## TASK ITEM
Pictures aside, can you reproduce the records word for word?

## EXERCISE INPUT
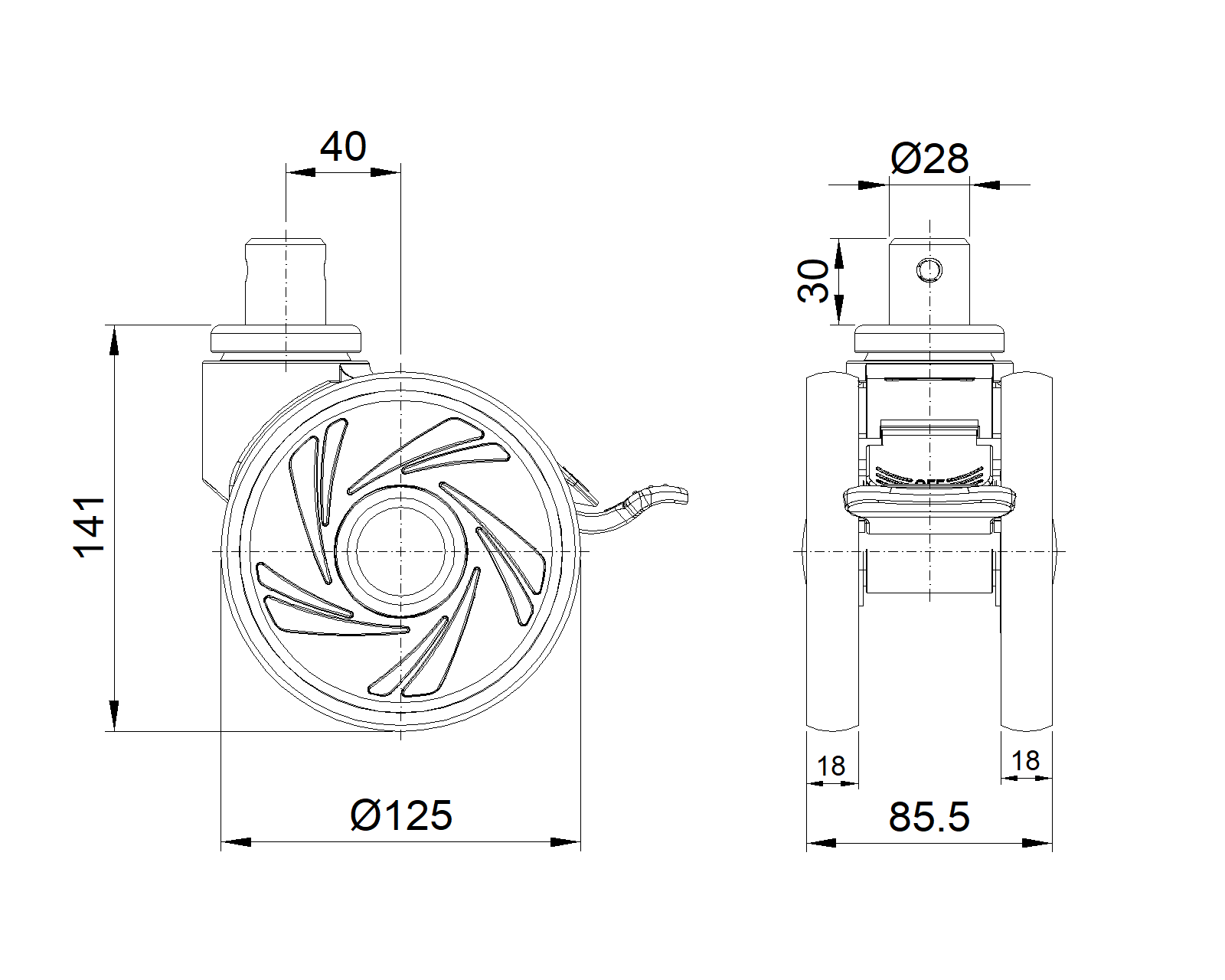 | Resolute Rubber wheel (white dark gray) Wheel Diameter x Wheel Width 125 x 18mm |
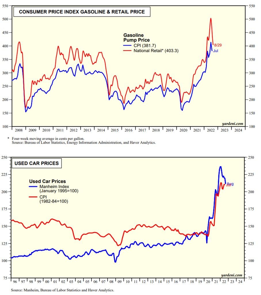 August's CPI report will be released on September 13. It is likely to show that inflation is continuing to moderate. We know that the pump price of gasoline fell sharply this month (chart below). We also know that the wholesale price of used cars fell during August, suggesting that the CPI for used cars fell this month (chart below).
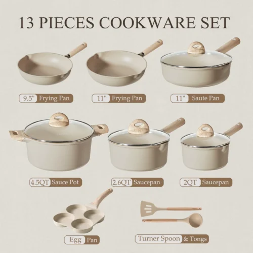 CAROTE 13-Piece Nonstick Pots and Pans Set, Kitchen Cookware Set, Taupe
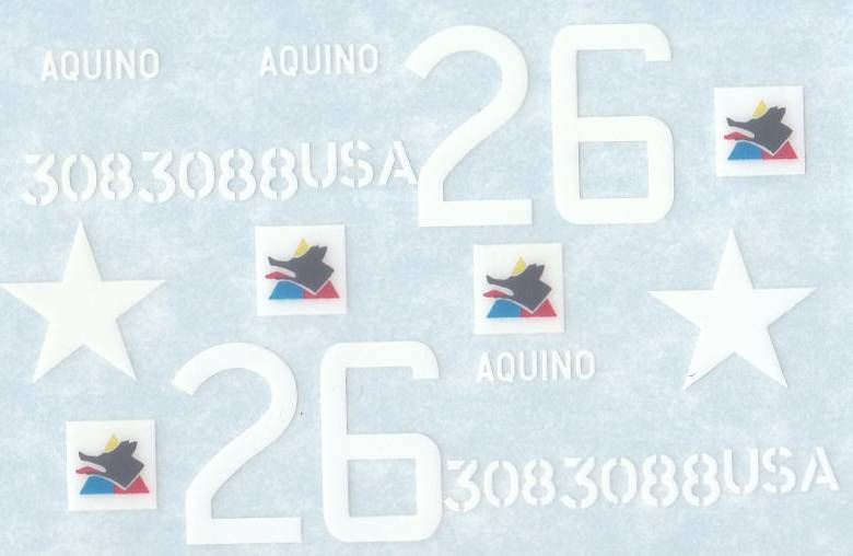 Enthalten sind die weiße Sterne, die Zahlenkombo "26" in weiß, der Spitzname 'Aquino', Identifikationsnummern des Panzers sowie die taktischen Zeichen. Die Anleitung zeigt in einem farbigen Druck die Lackierung und die Positionierung der Abzeichen in einer Seitenansicht. Ferner gibt es noch ein kleines Photos des Originalfahrzeuges.
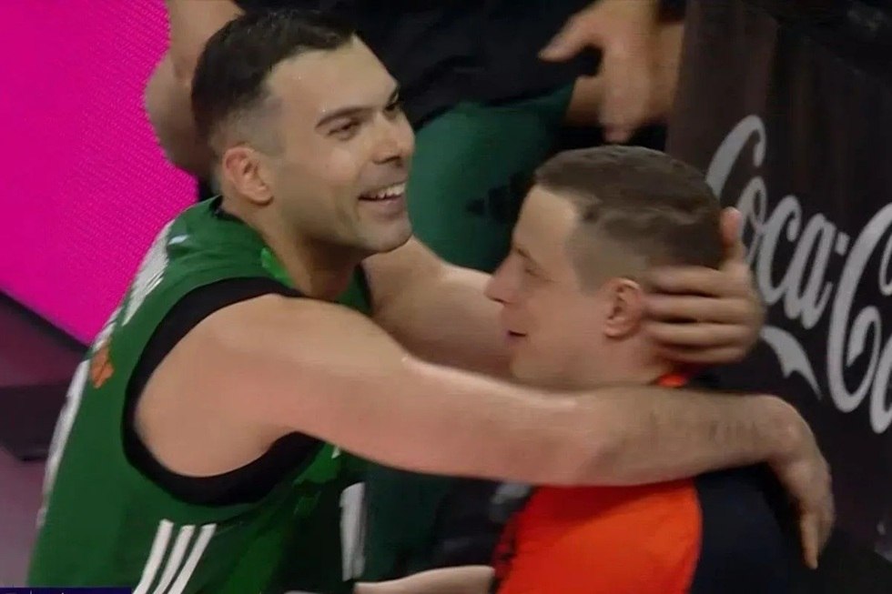 Kostas Sloukas ile maçın hakemlerinden Olegs Latisevs arasında tatlı bir an 🫂 #EveryGameMatters pic.twitter.com/XLO5UCq77v
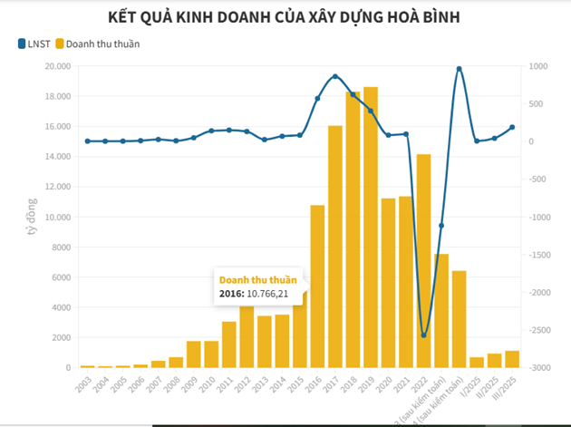 Điểm sáng của Hòa Bình là khoản doanh thu tài chính 229,5 tỷ đồng, tăng hơn 1.100%, chủ yếu đến từ khoản lãi chậm thanh toán theo phán quyết của tòa án. Nhờ đó, lợi nhuận quý III/2025 của doanh nghiệp ghi nhận cao gấp nhiều lần so với mức nền thấp của năm 2024.
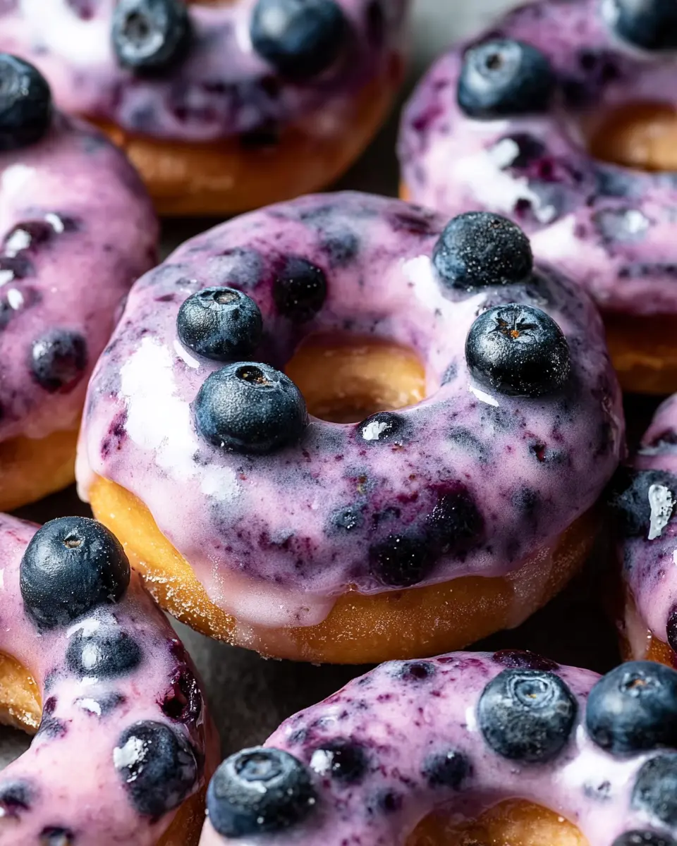 - For the glaze, mash blueberries, strain juice, mix with powdered sugar and vanilla, then drizzle over cooled donuts.
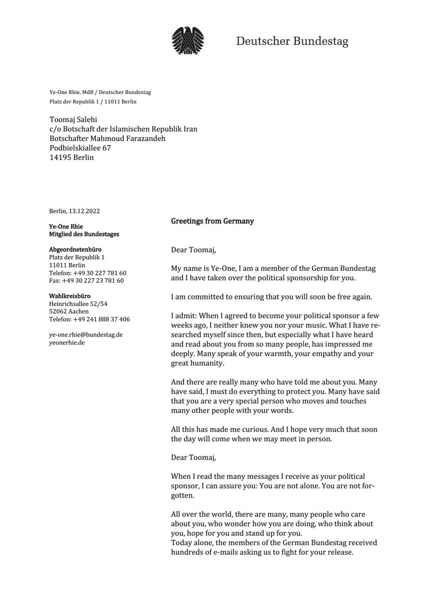"#DearToomaj..." I wrote to #ToomajSalehi in prison. To raise the chances, I sent 4 letters to Dastgerd-Prison and 1 to @IraninBerlin@twitter.com demanding a response from Toomaj. Rule of law means prisoners are allowed to receive and write letters. Let's see how it is in IRI. ⬇️

## RESULT BELOW
 | Resolute Rubber wheel (white dark gray) Wheel Diameter x Wheel Width 125 x 18mm |
 August's CPI report will be released on September 13. It is likely to show that inflation is continuing to moderate. We know that the pump price of gasoline fell sharply this month (chart below). We also know that the wholesale price of used cars fell during August, suggesting that the CPI for used cars fell this month (chart below).
 CAROTE 13-Piece Nonstick Pots and Pans Set, Kitchen Cookware Set, Taupe
 Enthalten sind die weiße Sterne, die Zahlenkombo "26" in weiß, der Spitzname 'Aquino', Identifikationsnummern des Panzers sowie die taktischen Zeichen. Die Anleitung zeigt in einem farbigen Druck die Lackierung und die Positionierung der Abzeichen in einer Seitenansicht. Ferner gibt es noch ein kleines Photos des Originalfahrzeuges.
 Kostas Sloukas ile maçın hakemlerinden Olegs Latisevs arasında tatlı bir an 🫂 #EveryGameMatters pic.twitter.com/XLO5UCq77v
 Điểm sáng của Hòa Bình là khoản doanh thu tài chính 229,5 tỷ đồng, tăng hơn 1.100%, chủ yếu đến từ khoản lãi chậm thanh toán theo phán quyết của tòa án. Nhờ đó, lợi nhuận quý III/2025 của doanh nghiệp ghi nhận cao gấp nhiều lần so với mức nền thấp của năm 2024.
 - For the glaze, mash blueberries, strain juice, mix with powdered sugar and vanilla, then drizzle over cooled donuts.
"#DearToomaj..." I wrote to #ToomajSalehi in prison. To raise the chances, I sent 4 letters to Dastgerd-Prison and 1 to @IraninBerlin@twitter.com demanding a response from Toomaj. Rule of law means prisoners are allowed to receive and write letters. Let's see how it is in IRI. ⬇️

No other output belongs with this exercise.